I did many more tests, and was able through caching and using RAID on the receiving side to get performance up to 80 MB/s (peak 78.1 MB/s on a set of files totaling 1.25 GB, 83.4 MB/s on a single 568 MB file). Without (significant *) caching, I get 65-70 MB/s on a single 4.5 GB file going from RAID to RAID.
(* In this case, at most 1 GB would be cached on the source side, because that's how much RAM it has; further, the caching would have to be smart, in order to not roll over completely with every transfer of the 4.5 GB file; I saw some indication of such smarts, but this wouldn't make a significant difference overall because of the sizes and rate limits involved.)
I noticed that pushing seems to be significantly faster than pulling (i.e. when transferring files from machine A to B, it's faster to initiate the transfer logging on to A than by logging on to B), and then focused on the best transfer mode instead of averaging the two or mixing them up, etc. I guess that this is because the file system / OS does some further optimization when reading the file locally; conversely perhaps does not do so when those requests come remotely. Of course, this may be simply due to some other unknown inefficiencies; it's just a guess.
On a 4.5 GB file, I saw on the order of 20% CPU on the sending side (2.8 GHz Pentium) and 55% CPU on the receiving side (2.0 GHz Athlon 64). These figures are just eyeball estimates; the CPU utilization was somewhat erratic, going +/- 5-10% around the given figure. Network utilization was around 52%. I think some of the utilization differences are due to the processor differences; differences in the storage and network implementation on both sides might also figure.

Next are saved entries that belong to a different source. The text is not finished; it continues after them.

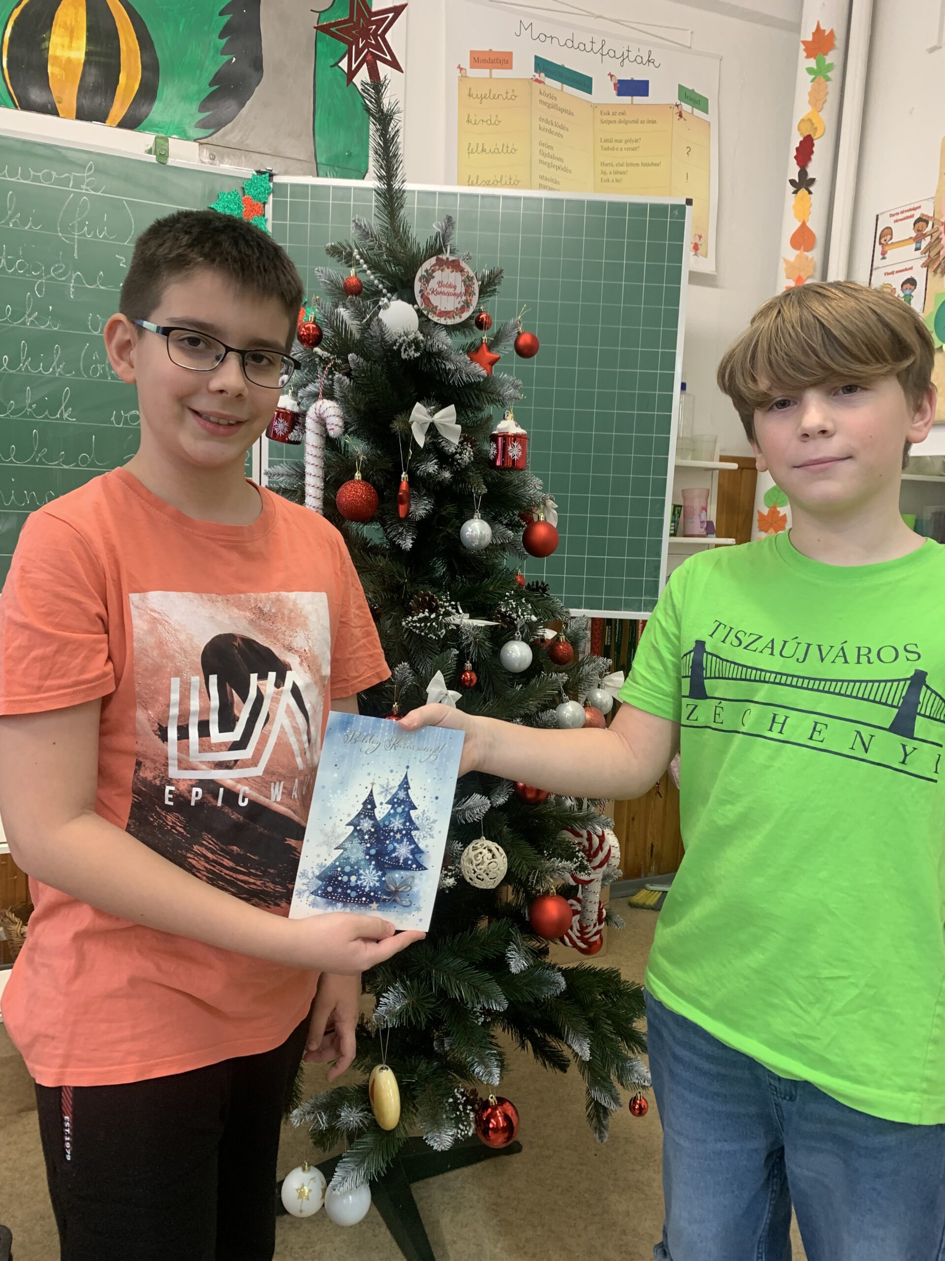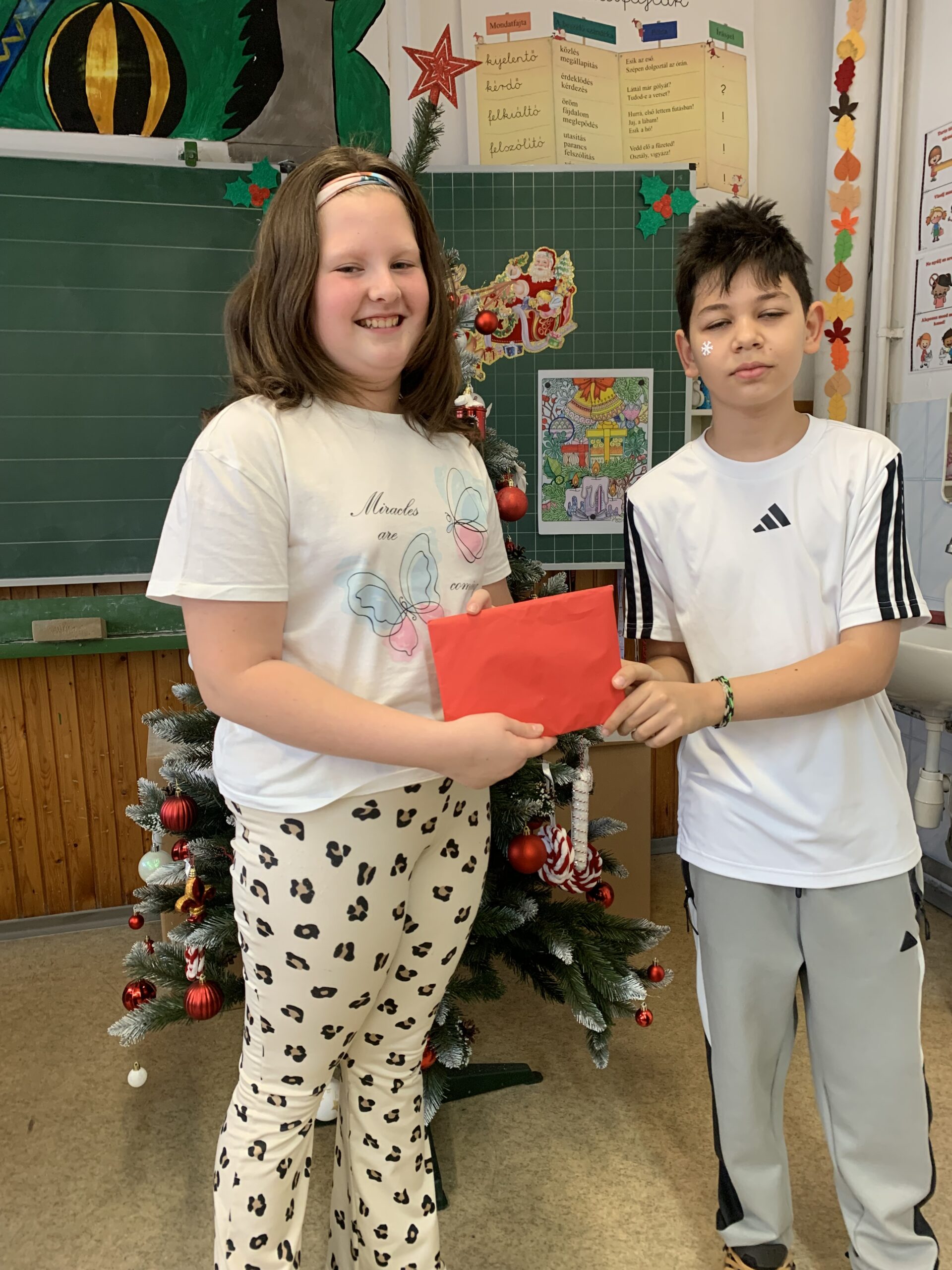 Az adventi időszakban az osztályunkban kihúzta mindenki, hogy kinek ad majd egy kedves üzenettel, vagy idézettel megírt karácsonyi képeslapot. A létszám alapján kiszámolva kezdtük el és mindennap egy-két húzás valósult meg. Nagyon izgatottan várták, hogy ki kap majd képeslapot. A boldogságórán megbeszéltük, mit éreztek, amikor készítették, és mit éreztek, amikor kaptak. Ilyenkor a figyelmesség, kedvesség, önzetlenség, boldogság, szeretet szavak fogalmazódtak meg.
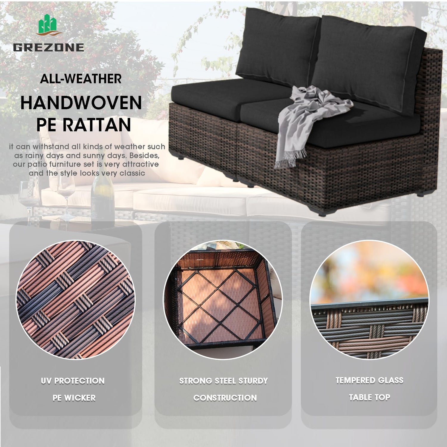 - 【Sturdy & Durable】This patio furniture set sets with a solid frame, and high-quality rattan wicker that is strong enough to withstand all weather variations, It is also durable. Tempered glass can prevent the coffee table from scratches. Breathable and thickened cushions with waterproof fabric cover Easy to clean and don't fade easily.
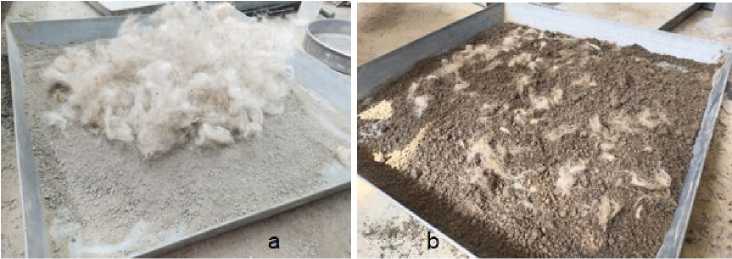 Sheep wool fiber (SWF): Sheep wool is multicellular materials composed of three main structural parts of medulla, cortex, and epidermis, which consist of mixture of soft, intermediate and coarse hair. Because of its physicochemical characteristics, it can be utilized as a reinforcing component in composites materials [24]. Compressed stabilized earth bricks, reinforced with fiber, present better flexural tensile strength, higher compressive strength, and improved cracks and crack diffusion resistance, depending on fiber types and soil [25]. Sheep wool's unique physicochemical properties make it suitable for use in composite materials, which supports bioeconomy and sustainable development efforts. [26]. Aymerich et al. [27] studied earthen specimen’s flexural strength, and they used 2-3% and 2-3 cm lengths of sheep wool fibers. The authors found that the fibers improved the material's residual strength, ductility, and energy absorption following the initial cracking.

In order to factor out the storage, I did some tests with a pure transfer utility. I chose a version of the "open source" TTCP. AnandTech and others reference the Microsoft version NTTTCP, which, in keeping with traditional practice for a lot of benchmarking, seems to no longer be available. I used PCAUSA's PCATTCP 2.01.01.08, with settings as close to AT's as I could get: -l 250000 -n 30000. This version comes with source.
With this utility, I was able to get transfers up to around 110 MB/s, with 90-95% network utilization. CPU utilization was high, around 50% on the sending side, and around 50% on the receiving side. Consecutive runs reported around a 5% difference.
Well, I'm not sure how this data might help you. My interpretation is that I can run the network pretty hard when there are no other bottlenecks; may be running into CPU bottlenecks with application processing during transfers (and I'm sure jumbo frames, if I could use them, might help there), and currently cap somewhere around 70 MB/s effective throughput with fast drives, and further benefit from lots of RAM for file caching, just like everyone else.